A study published in the Molecular Therapy journal detailed a therapy that prevented pregnant mice with Zika virus from transmitting it to their fetuses. It uses small extracellular vehicles (sESVs) to deliver the drug. Additionally, the drug could cross the blood-brain barrier and placenta. As a result, it reduced neurological damage in the fetus caused by the virus, such as brain shrinkage.
According to Zhiwei Wu, a lead study author from Nanjing University, the study showed that using targeted therapy through sESVs was better than traditional drugs, especially when treating brain infection. He adds that increasing the yield of sESVs and making sESVs that target various tissues will expand their application and delivery.
Zika virus crosses the blood-brain barrier
The Zika Virus pandemic has been a problem since it started in the Asia-pacific region between 2015 and 2017. It closes the blood-brain barrier, a group of blood vessels and tissues, to cause neurological abnormalities such as microcephaly. The virus also causes numerous neurological conditions.
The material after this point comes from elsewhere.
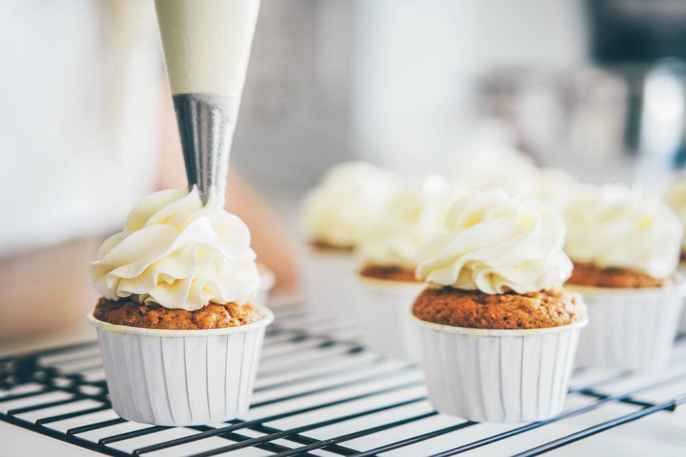 6. lépés: Készítsük el a cukormázat: elektromos keverővel verjük simára a krémsajtot, a vajat és egy nagy csipet sót egy nagy tálban, majd adjuk hozzá a porcukrot, egyszerre 1 csészével, és minden egyes hozzáadás után keverjük össze jól. Keverjük bele a vaníliát, majd a krémsajtos mázat tegyük át egy habzsákba.

The blood-brain barrier prevents harmful substances from entering the brain by bridging blood and the central nervous system (CNS). Few drugs cross this barrier to treat brain infection. However, they are usually toxic and do not pass effectively.
Wu adds that there is currently no medication or vaccine for the Zika virus. For this reason, they needed to create medication that is both safe and effectively tosses the placental and blood-brain barrier to treat the disease.
sESVs deliver oligonucleotides to the brain
Gene silencing therapies that use oligonucleotides have shown a lot of potential in clinical settings. Despite this, delivering oligonucleotides to cells is challenging. Using sESVs provides a solution as they are biodegradable, natural, and play and role in cell-to-cell communication. Many studies have shown that they could help deliver drugs that treat infectious diseases, cancer, and cardiovascular diseases.
The team engineering sESVs with rabies virus glycoproteins on their surface. They attached small interfering RNA from the Zika virus to them. The sESVs managed to cross both barriers preventing viral transition to the fetuses of mice.
A previous study also showed that sESVs could cross the blood-brain barrier to treat Parkinson’s disease. Wu states that their study adds another application for sESVs.